Мы с Тилем росли в большой бедности, хотя и совершенно не задумывались об этом, – разве что в первые два-три года после войны. Нам тогда все время хотелось есть, а мама не могла раздобыть достаточно еды. Ели салаты из листьев одуванчика, мама делала сироп из подорожника и свежих побегов сосны. Первый больше походил на лекарство от кашля и простуды, второй заменял сахар. Один-единственный раз в неделю мы брали у пекаря в деревне половину батона – он полагался нам по талону на питание. Мама ножом отмечала на нем деления на каждый день, с понедельника по воскресенье, и получалось, что на каждого приходится по одному ломтю хлеба в день. Но когда голод одолевал нас по-настоящему, мы получали завтрашние кусочки вперед срока – ведь мама всегда надеялась найти для нас что-нибудь еще, – и чаще всего хлеб просто заканчивался к пятнице, а нас ожидали особенно тяжкие суббота и воскресенье. Мне навсегда врезался в память один эпизод: как-то раз мы с братом вцепились в мамину юбку и оба ныли от голода. Она отшвырнула нас, резко отвернулась и обернулась вновь, а ее лицо выражало гнев и отчаяние, каких я не видел ни до, ни после. А затем очень спокойно, полностью держа себя в руках, она сказала: «Мальчики, если бы я могла срезать вам мяса с собственных ребер, я бы срезала – но не могу». В тот момент мы научились никогда не ныть. Культуру жалости к себе я на дух не переношу.
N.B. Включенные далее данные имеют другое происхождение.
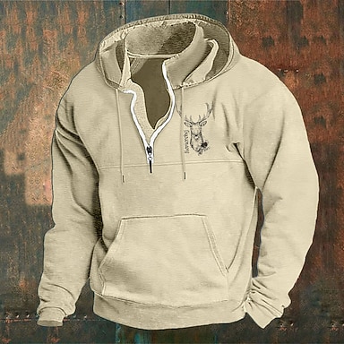 Per uomo Felpa con cappuccio a zip intera Felpa con cappuccio e zip Giacca in Pile Felpa con cappuccio in pile Nero Vino Blu Marrone Verde Con Cappuccio Renna Semplice Stampe Grafiche Cerniera Tasca

Бедность была повсюду и совсем не казалась нам странной, за исключением отдельных редких моментов. В деревенской школе, в общем помещении для первых четырех классов, где все учились одновременно, были дети, нуждавшиеся гораздо сильнее нас, – с отдаленных хуторов, расположенных на склонах выше долины. Один из них, Луи Гауцен, вечно опаздывал. Думаю, каждый день еще до рассвета ему приходилось работать дома в конюшнях, и потому он всегда задерживался. Зимой он спускался с горы на санках по крутому ущелью и появлялся в классе весь в снегу, с головы до ног, когда занятия давно уже начались. Не здороваясь и волоча за собой заиндевевшие санки, он проходил мимо фройляйн Хупфауэр, нашей учительницы, и каждый раз объяснялся одинаково: «Извините, меня выбросило на повороте». Лица его я уже не помню, но помню, как однажды в начале лета, когда Луи был все в той же куртке, от которой несло конюшней, учительница велела ему снять ее, потому что уже тепло, а Луи сделал вид, что ничего не слышал. Он проигнорировал и все повторные, уже раздраженные просьбы учительницы и в итоге схлопотал указкой по рукам. Скажу сразу, что фройляйн Хупфауэр была замечательной женщиной: даже ведя уроки по четырем разным предметам, она сумела передать нам свои знания и энтузиазм, любознательность и уверенность в себе. А указка тогда была частью образовательного инвентаря – никто не возмущался. В наказание за плохое поведение приходилось вставать на колени перед кафедрой, а за действительно серьезный проступок – коленями на полено, но мы не воспринимали это как что-то из ряда вон. Даже после этого Луи по-прежнему не хотел снимать куртку, так что все в классе, а нас было, наверное, около двадцати шести мальчиков и девочек в возрасте от шести до десяти лет, уставились на него. От этого его горе сделалось еще горше, и он принялся беззвучно рыдать. Этот немой плач до сих пор заставляет мое сердце сжиматься. Наконец Луи стянул куртку, и под ней оказалась его единственная рубашка. Она была застирана до дыр и изодрана в лохмотья, которые свисали с плеч. Тут учительница и сама заревела и помогла ему снова надеть куртку через голову.